[Material provided Boundary: Start]
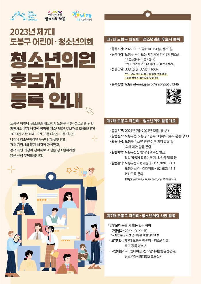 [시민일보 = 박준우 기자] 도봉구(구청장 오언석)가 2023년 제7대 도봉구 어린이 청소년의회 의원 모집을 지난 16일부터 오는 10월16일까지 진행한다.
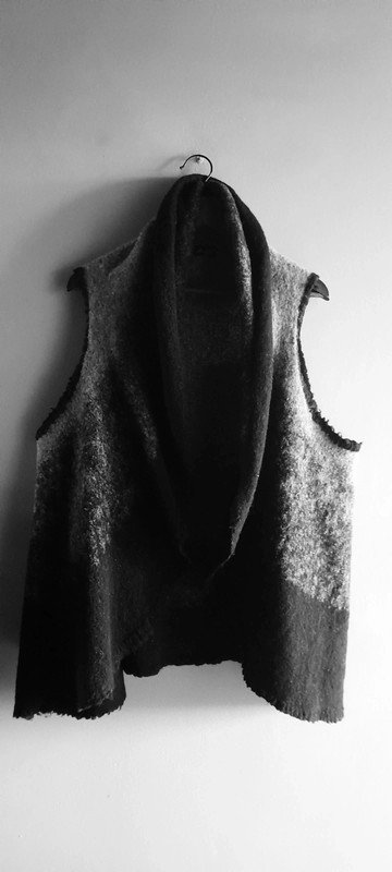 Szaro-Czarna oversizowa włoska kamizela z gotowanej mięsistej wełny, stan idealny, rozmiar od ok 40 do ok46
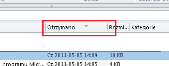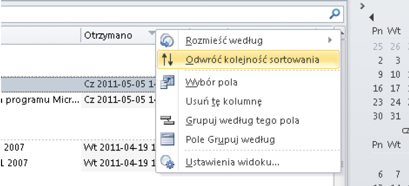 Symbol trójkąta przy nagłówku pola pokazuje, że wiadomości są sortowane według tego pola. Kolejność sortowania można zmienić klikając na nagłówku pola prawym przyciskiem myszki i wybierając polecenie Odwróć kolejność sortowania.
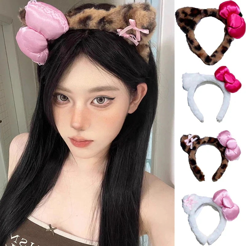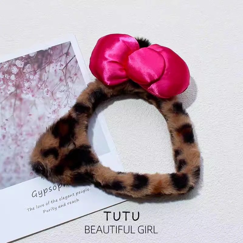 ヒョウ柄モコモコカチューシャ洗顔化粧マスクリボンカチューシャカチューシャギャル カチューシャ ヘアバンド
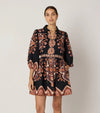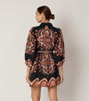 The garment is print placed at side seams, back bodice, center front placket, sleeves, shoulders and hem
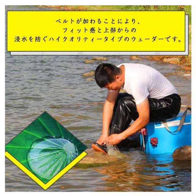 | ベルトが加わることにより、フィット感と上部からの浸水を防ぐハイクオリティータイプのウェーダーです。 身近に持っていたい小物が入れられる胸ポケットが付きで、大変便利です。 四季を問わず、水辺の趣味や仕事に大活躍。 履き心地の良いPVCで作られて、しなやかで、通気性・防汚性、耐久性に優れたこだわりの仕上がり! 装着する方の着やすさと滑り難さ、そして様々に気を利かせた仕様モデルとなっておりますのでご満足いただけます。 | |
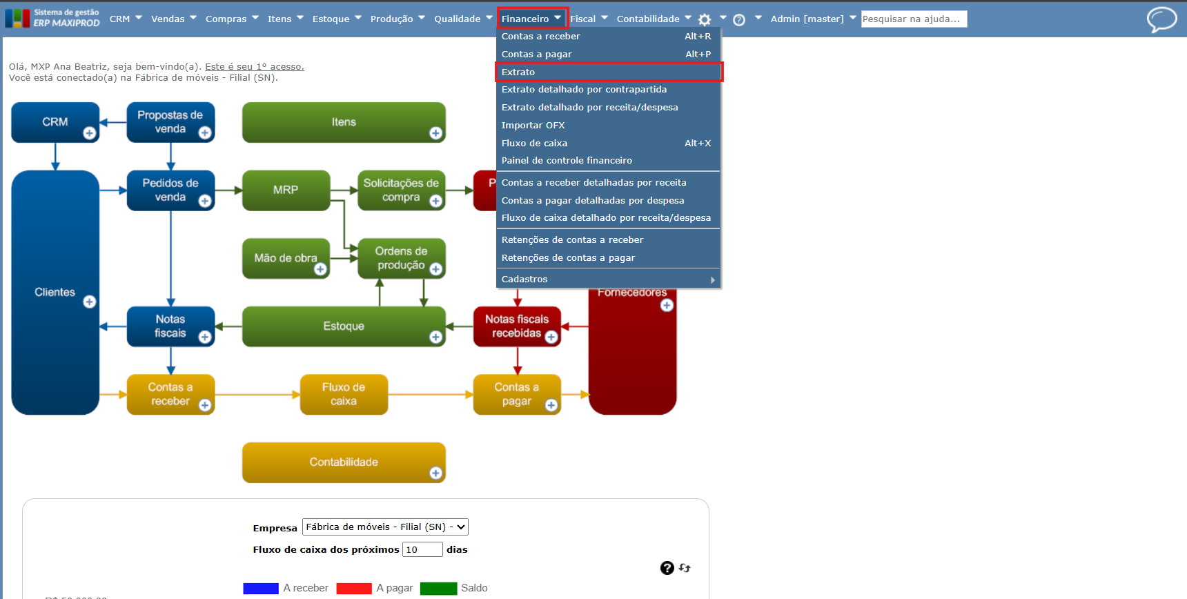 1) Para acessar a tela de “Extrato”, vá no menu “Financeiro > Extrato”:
[Material provided Boundary: End]
▸ Your assignment
The copy should begin at the line containing "Symbol trójkąta przy" and end at the last line of the data above; please restate those lines word for word without the pictures.

▸ Solution to this exercise
 Symbol trójkąta przy nagłówku pola pokazuje, że wiadomości są sortowane według tego pola. Kolejność sortowania można zmienić klikając na nagłówku pola prawym przyciskiem myszki i wybierając polecenie Odwróć kolejność sortowania.
 ヒョウ柄モコモコカチューシャ洗顔化粧マスクリボンカチューシャカチューシャギャル カチューシャ ヘアバンド
 The garment is print placed at side seams, back bodice, center front placket, sleeves, shoulders and hem
 | ベルトが加わることにより、フィット感と上部からの浸水を防ぐハイクオリティータイプのウェーダーです。 身近に持っていたい小物が入れられる胸ポケットが付きで、大変便利です。 四季を問わず、水辺の趣味や仕事に大活躍。 履き心地の良いPVCで作られて、しなやかで、通気性・防汚性、耐久性に優れたこだわりの仕上がり! 装着する方の着やすさと滑り難さ、そして様々に気を利かせた仕様モデルとなっておりますのでご満足いただけます。 | |
 1) Para acessar a tela de “Extrato”, vá no menu “Financeiro > Extrato”:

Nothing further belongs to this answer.